Talkinpeece · 19/12/2018 20:42

Straight Bananas
Hmm
more research needed

missesbiggens · 19/12/2018 21:37

Unfortunately, this is a great example of why verbosity does not = intellect/fact. I will say this though, he'd make a brilliant Guardian Opinion writer.

You should get him to read some of George Orwell's work for a better idea of the context about which he writes.
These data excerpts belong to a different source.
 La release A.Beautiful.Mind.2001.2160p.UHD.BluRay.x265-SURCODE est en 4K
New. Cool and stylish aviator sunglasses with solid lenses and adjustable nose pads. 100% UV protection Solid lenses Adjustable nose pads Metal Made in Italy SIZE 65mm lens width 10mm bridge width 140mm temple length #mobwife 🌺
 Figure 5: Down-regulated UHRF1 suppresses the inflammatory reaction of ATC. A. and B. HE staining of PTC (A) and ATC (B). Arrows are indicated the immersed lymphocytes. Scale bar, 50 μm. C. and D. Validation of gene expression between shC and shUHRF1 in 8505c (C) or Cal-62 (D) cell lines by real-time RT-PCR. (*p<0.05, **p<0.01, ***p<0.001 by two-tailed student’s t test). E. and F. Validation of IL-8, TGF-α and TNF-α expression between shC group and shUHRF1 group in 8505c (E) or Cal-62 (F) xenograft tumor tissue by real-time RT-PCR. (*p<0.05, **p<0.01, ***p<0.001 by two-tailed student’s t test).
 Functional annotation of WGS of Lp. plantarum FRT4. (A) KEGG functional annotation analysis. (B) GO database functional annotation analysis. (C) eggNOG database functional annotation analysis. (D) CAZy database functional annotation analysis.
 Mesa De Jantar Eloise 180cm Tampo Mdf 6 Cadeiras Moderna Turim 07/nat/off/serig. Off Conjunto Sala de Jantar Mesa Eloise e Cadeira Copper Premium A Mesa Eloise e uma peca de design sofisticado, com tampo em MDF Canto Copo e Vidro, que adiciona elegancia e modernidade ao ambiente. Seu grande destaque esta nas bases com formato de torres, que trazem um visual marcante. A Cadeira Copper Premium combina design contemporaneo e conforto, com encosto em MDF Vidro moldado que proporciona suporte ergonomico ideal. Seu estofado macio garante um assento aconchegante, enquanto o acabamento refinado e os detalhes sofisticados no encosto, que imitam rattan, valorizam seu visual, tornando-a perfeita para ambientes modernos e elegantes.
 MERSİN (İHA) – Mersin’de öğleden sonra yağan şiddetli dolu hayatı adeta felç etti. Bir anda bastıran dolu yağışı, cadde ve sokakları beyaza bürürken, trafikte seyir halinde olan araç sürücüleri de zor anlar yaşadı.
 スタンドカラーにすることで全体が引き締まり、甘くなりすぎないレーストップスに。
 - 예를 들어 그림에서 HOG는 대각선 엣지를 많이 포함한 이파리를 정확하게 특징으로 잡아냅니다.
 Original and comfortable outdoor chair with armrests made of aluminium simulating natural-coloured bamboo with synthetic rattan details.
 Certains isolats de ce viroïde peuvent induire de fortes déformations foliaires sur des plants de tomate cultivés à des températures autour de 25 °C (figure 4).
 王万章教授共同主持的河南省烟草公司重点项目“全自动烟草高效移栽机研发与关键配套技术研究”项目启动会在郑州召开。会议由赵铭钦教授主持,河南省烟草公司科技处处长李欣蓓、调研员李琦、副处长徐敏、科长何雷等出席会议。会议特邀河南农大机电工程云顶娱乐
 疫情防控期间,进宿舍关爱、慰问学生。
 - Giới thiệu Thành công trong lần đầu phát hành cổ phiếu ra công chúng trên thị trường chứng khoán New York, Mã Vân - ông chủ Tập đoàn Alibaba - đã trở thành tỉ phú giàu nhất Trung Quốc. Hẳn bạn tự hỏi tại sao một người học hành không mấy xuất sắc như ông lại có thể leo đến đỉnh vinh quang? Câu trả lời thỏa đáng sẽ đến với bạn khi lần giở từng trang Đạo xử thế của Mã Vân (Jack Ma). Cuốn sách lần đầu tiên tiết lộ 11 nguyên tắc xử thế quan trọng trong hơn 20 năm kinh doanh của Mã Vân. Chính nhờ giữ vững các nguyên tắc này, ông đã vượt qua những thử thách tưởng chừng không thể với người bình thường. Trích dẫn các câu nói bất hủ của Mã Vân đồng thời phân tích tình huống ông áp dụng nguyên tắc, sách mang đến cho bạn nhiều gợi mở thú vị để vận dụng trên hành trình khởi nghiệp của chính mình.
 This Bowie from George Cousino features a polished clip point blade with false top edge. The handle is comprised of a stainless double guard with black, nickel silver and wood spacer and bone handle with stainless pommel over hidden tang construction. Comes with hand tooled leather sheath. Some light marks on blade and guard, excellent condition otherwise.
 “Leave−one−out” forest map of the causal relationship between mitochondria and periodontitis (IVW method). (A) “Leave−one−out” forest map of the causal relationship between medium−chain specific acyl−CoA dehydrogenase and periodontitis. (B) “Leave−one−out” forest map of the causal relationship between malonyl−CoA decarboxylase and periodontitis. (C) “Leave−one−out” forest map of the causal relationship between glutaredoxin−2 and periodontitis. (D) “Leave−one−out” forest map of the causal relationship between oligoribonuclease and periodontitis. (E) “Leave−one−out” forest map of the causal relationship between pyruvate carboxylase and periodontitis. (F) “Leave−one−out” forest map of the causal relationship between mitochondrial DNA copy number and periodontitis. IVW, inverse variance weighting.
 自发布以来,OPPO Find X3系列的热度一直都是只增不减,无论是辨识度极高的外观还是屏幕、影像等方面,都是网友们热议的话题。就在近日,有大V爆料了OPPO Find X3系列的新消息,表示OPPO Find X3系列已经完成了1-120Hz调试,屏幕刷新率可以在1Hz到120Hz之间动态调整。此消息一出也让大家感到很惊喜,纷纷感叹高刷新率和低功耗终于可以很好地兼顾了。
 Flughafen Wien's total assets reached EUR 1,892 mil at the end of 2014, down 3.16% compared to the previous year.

Dadaist · 01/01/2019 15:13

I disagree that ‘remainers’ traded in lies or that ‘leavers’ were voting with facts.
Leave voters - almost by definition have a very particular perspective if the EU and of the UK that was nurtured over decades and reached its peak in that 1950s and 60s. It’s why older people were more likely to vote for Brexit. They didn’t need facts or economic forecasts as they already had a world view in which a country like the UK can be independent, shape its destiny and influence the rest of the world. Their childhood classrooms had maps of the British Empire with 2/3rds of the globe in red.
Unfortunately the sun did eventually set on the British Empire, this world view was wrong then and laughed at now.
And there is no prospect of standing outside of the influence of global economies. It’s the US or Europe- take your pick.
And yes I’m firmly in the EU camp.
Brexit meaning ‘it’s 1950, we still have and empire, and we’ve just won the war and we don’t need anyone’ was never on the ballot - but the people who were 15 when this was classroom convention voted as if they could turn the clock back.
I salute this 15 year old for his far more challenging perspective. And those critics are leave voters who are ideologically attached to a Brexit world view as defined by the essay! I say well done!